By Shantanu Chakraborthy
This perspective first came to me in a conversation with my Malaysian colleague, Sajid Khursheed, whose simple observation has lingered in my mind ever since.

Walk into an office in Bangalore, Gurgaon, or Pune on a late evening and the glow of computer screens still burns. The instinct is to call it hustle, or ambition, or the global race for success. But those words skim the surface. The real story runs deeper, and it begins at home.
In much of India, work is not an individual pursuit. A job is rarely about one person’s independence or dreams. It is about the weight of an entire family, sometimes immediate, sometimes sprawling across siblings, cousins, parents, and grandparents, resting on a single paycheck.
A salary is tuition for a younger sister. It is chemotherapy for a father. It is the groceries that keep an extended household afloat. It might even stretch to fund the wedding of a cousin twice removed. In the Indian imagination, the provider is not only an economic role but a moral one. Work is a duty performed not for oneself but for the network of lives threaded together by blood, history, and expectation.
Family as the First Safety Net
In the West, the state often steps in through pensions, healthcare, or social security. In India, it is the family that provides. The family is the insurance policy, the retirement plan, and the emergency fund. But families, in turn, need the breadwinner. This is why the breadwinner clings to work with such intensity.

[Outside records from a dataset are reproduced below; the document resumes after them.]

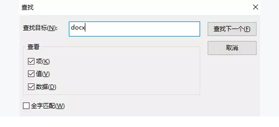 注意:若在注冊表中使用CTRL + F查找時,沒有找到相應(yīng)的目錄,請注意圖中標出的“查找下一個”。CTRL + F只能查找該位置后的內(nèi)容,請選擇HKEY_CLASSES_ROOT目錄中的第一個目錄后,重新查找。
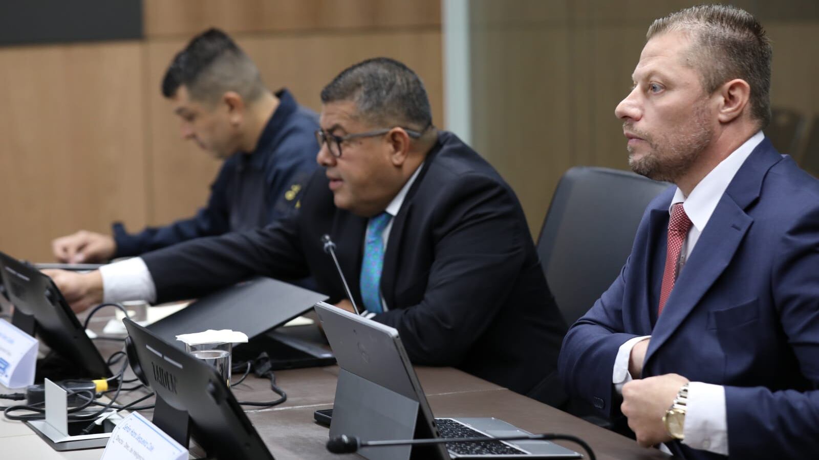 El jerarca asistió al Congreso en compañía de Daniel Calderón, director de la Fuerza Pública y viceministro de Seguridad; Marlon Cubillo, director de la Fuerza Pública de San José, y Hans Sequeira, director de la Dirección de Inteligencia y Seguridad Nacional (DIS).
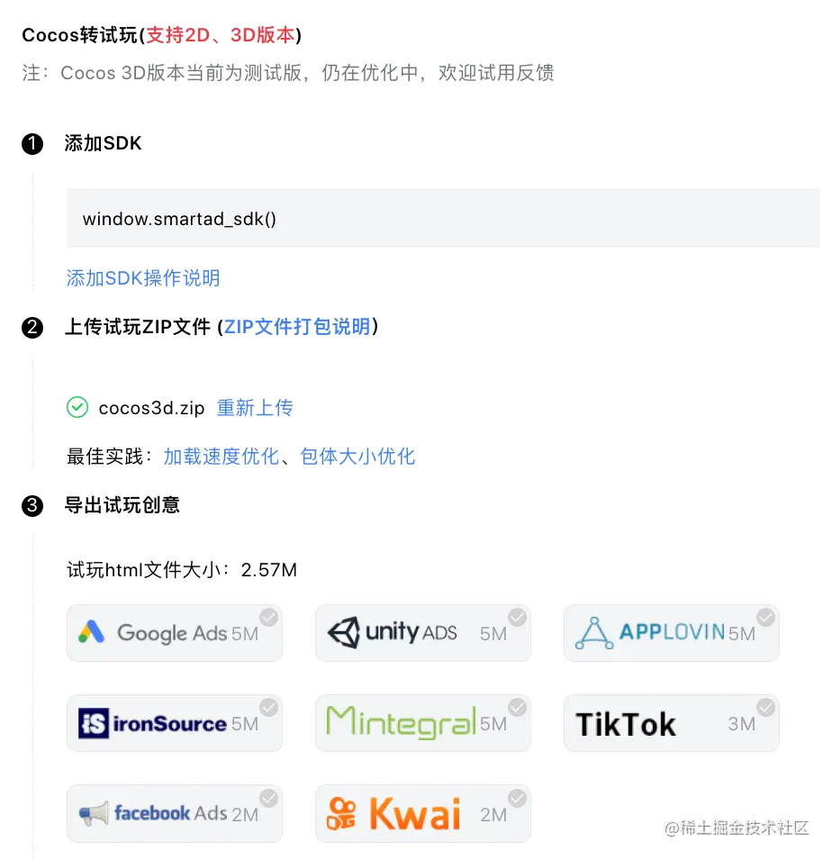 Mintegral、Applovin)的SDK。使用起来也是非常的方便,仅需三步即可把制作好的试玩广告投入到各大平台,不会开发的小白也能轻松搞定;首先第一步是保留试玩广告的核心玩法和高光时刻;第二步在试玩广告中添加落地页和smartad平台的SDK;第三步导出web格式,选择对应游戏引擎上传导出包;
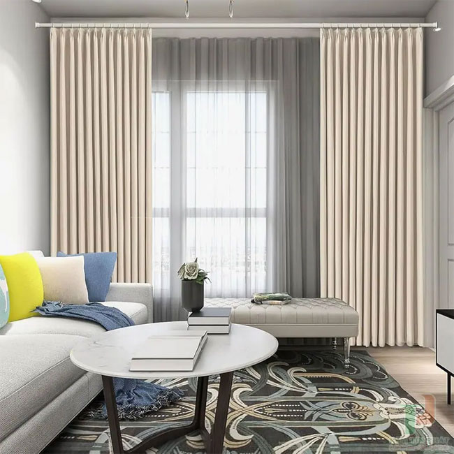 Cách may rèm chiết ly khiến bộ rèm trông nhẹ nhàng. Đây là cách lắp phổ biến áp dụng cho lớp vải voan
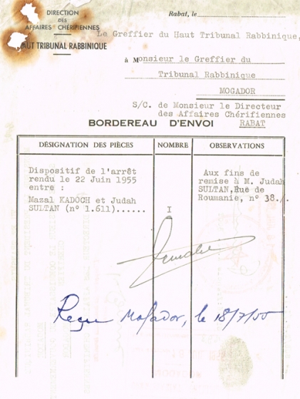BORDEREAU D'ENVOI DU 18/07/1955 ADRESSÉ AU GREFFIER DU TRIBUNAL RABBINIQUE DE MOGADOR
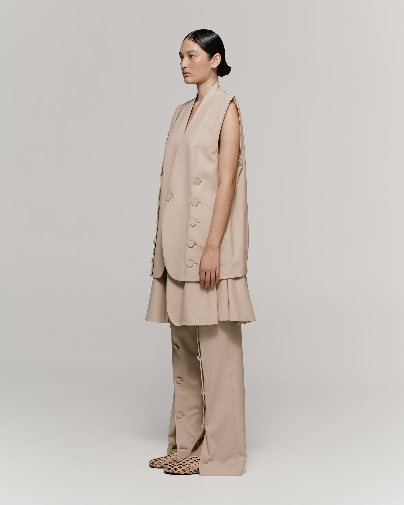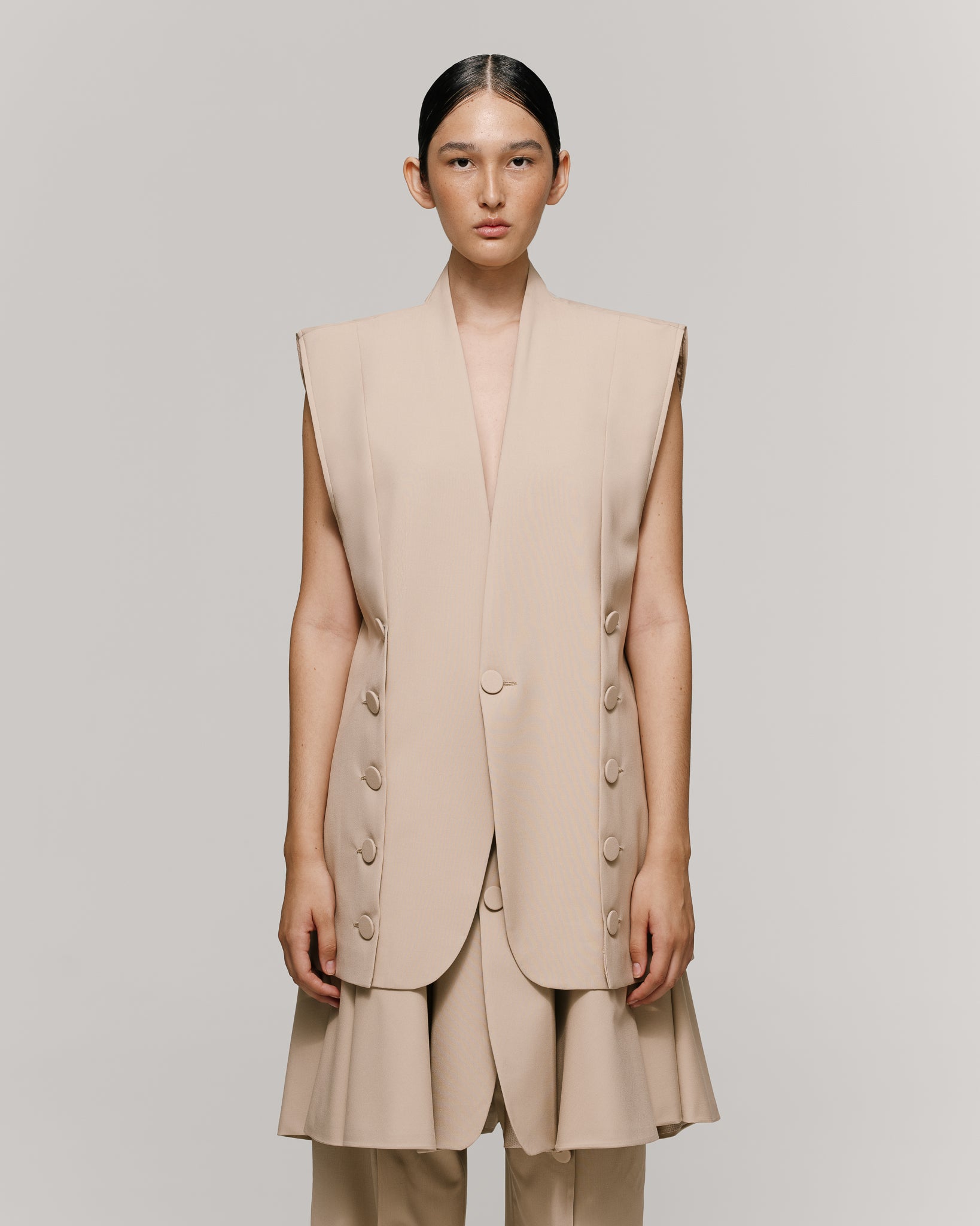 Traje de tres piezas en tejido beige, se compone de chaleco de hombros estructurados y sin mangas, con aberturas en delanteros que cierran con botones. Interior forrado. Falda amplia, cierre de 3 botones y con
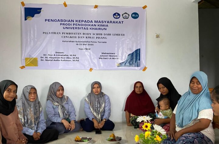 Tim PKM Unkhair menyajikan body scrub daru olahan limbah kulit pisang dan cengkeh Ternate...

Losing a job is never only a matter of career transition. It carries with it the silent fear of letting others down, of unravelling the fragile balance that keeps a household together.
The Multiplier of Responsibility
Sociologists sometimes call this the multiplier effect of income. One paycheck sustains not one life but many. In middle class India it is not unusual for a single salary to support half a dozen dependents. Behind every professional hunched over a spreadsheet late into the night are invisible faces, parents, siblings, and children, who rely on that persistence.
This is why Indians often appear to outsiders as tireless or work obsessed. They are not simply chasing promotions. They are protecting ecosystems.
The Emotional Contract of Work
Employers often misread this as compliance or loyalty. But it is more elemental. The Indian worker does not only enter into a contract with the company. He or she also enters into an unspoken contract with family. That contract, never written but always felt, is what keeps the lights on after hours.
The relationship with work in India is therefore heavier and more freighted with meaning. It is both burden and purpose. It exhausts, yet it also ennobles.
What This Reveals
Look closely and you will see that this is not simply an Indian story. It is a reminder of why human beings work at all. Strip away the language of ambition, hustle, or productivity, and what remains is obligation. Sometimes that obligation is to kin, sometimes to community, and sometimes to something larger than the self.
In India, the family makes this truth visible. Work is not a solitary act. It is a collective endeavor. The jobholder is not a lone professional but a lifeline. And when you work not only for yourself, you work differently. You work with more intensity, with more urgency, and perhaps with more heart.